Data block ->
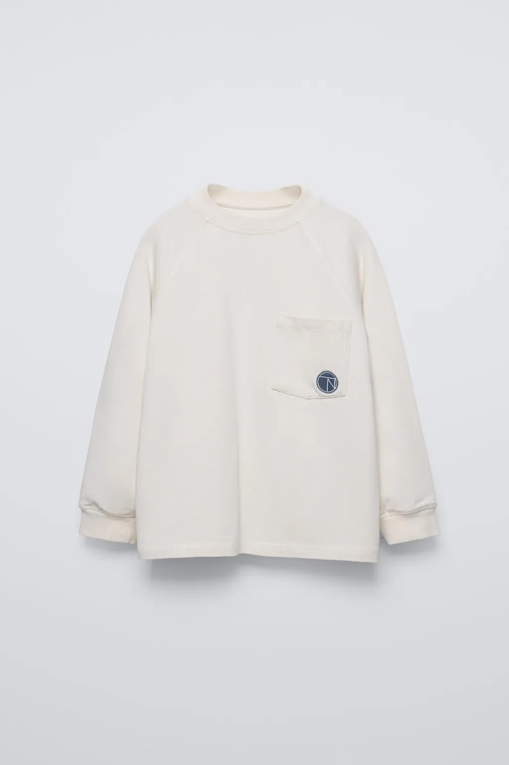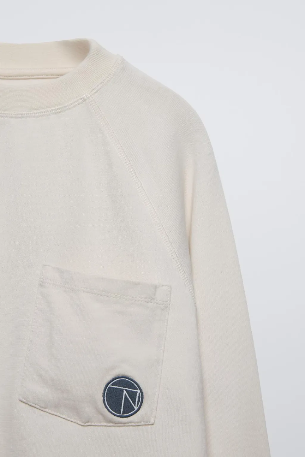 Camiseta con cuello redondo y manga larga acabada en puño. Bolsillo de tipo plastrón en pechera con detalle bordado.
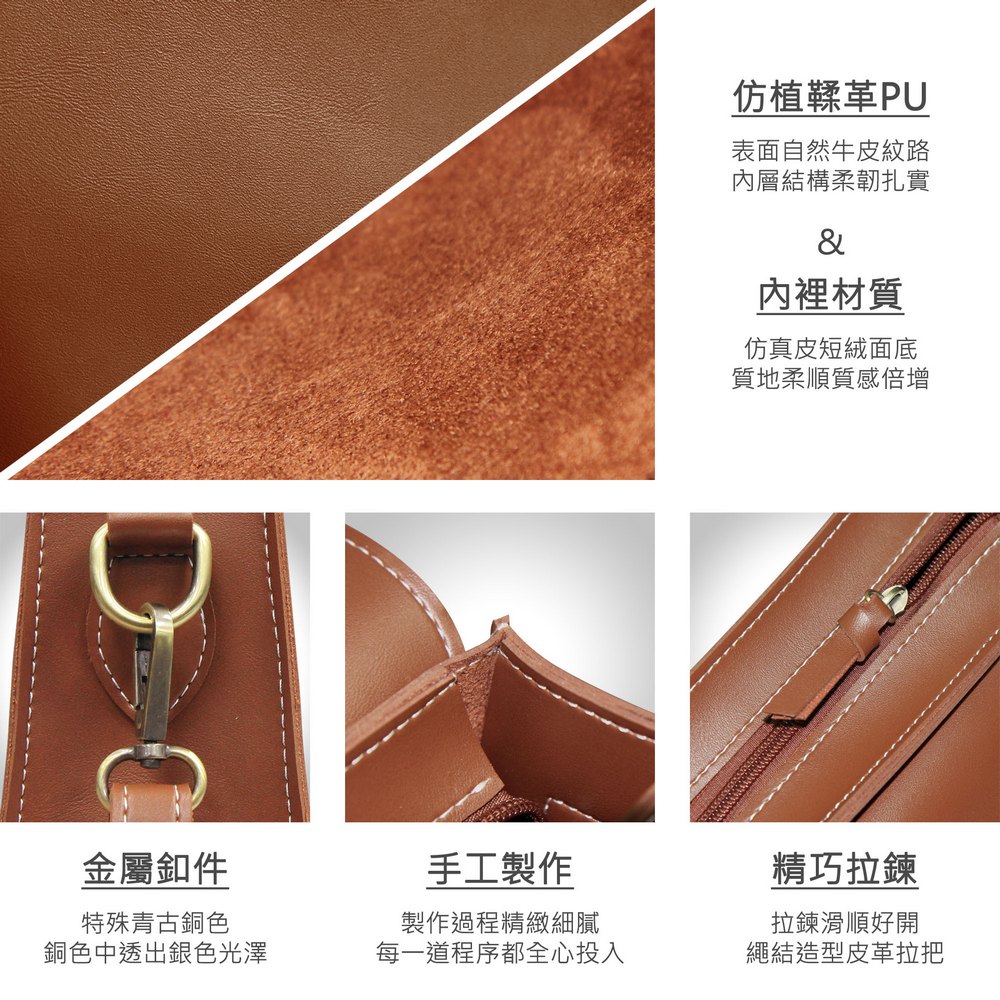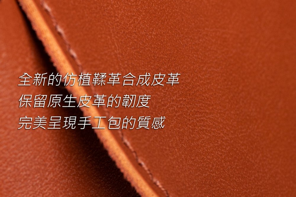 仿植鞣革PU是在近幾年才研發出來的人造皮革,除了靠增加厚度去達到近似植鞣革的效果之外,也在皮革的背面改造成高壓貼合的植絨表面,更增加了整體密度,去達到原生皮革的質感。所以我們很成功地可以採用人造皮革來製做出高質感的手工包款,不僅為喜愛手工產品的人降低了購買包包的負擔,也期望減少一般人對動物皮革的需求。
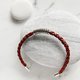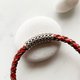 皮革手工编织+925银手环,选用植鞣皮绳纯手工染色编织完成,加上刻満心型篓空925银管,象征满心欢喜姻缘圆满,手围皆可定制,手围皆可定制,手环扣为纯银扣头,精致又馥仙气

Action item ->
No pictures belong in the output. It should reproduce exactly the lines from the one containing "仿植鞣革PU是在近幾年才研發" through the end of the data, both ends included.

Response to this exercise ->
 仿植鞣革PU是在近幾年才研發出來的人造皮革,除了靠增加厚度去達到近似植鞣革的效果之外,也在皮革的背面改造成高壓貼合的植絨表面,更增加了整體密度,去達到原生皮革的質感。所以我們很成功地可以採用人造皮革來製做出高質感的手工包款,不僅為喜愛手工產品的人降低了購買包包的負擔,也期望減少一般人對動物皮革的需求。
 皮革手工编织+925银手环,选用植鞣皮绳纯手工染色编织完成,加上刻満心型篓空925银管,象征满心欢喜姻缘圆满,手围皆可定制,手围皆可定制,手环扣为纯银扣头,精致又馥仙气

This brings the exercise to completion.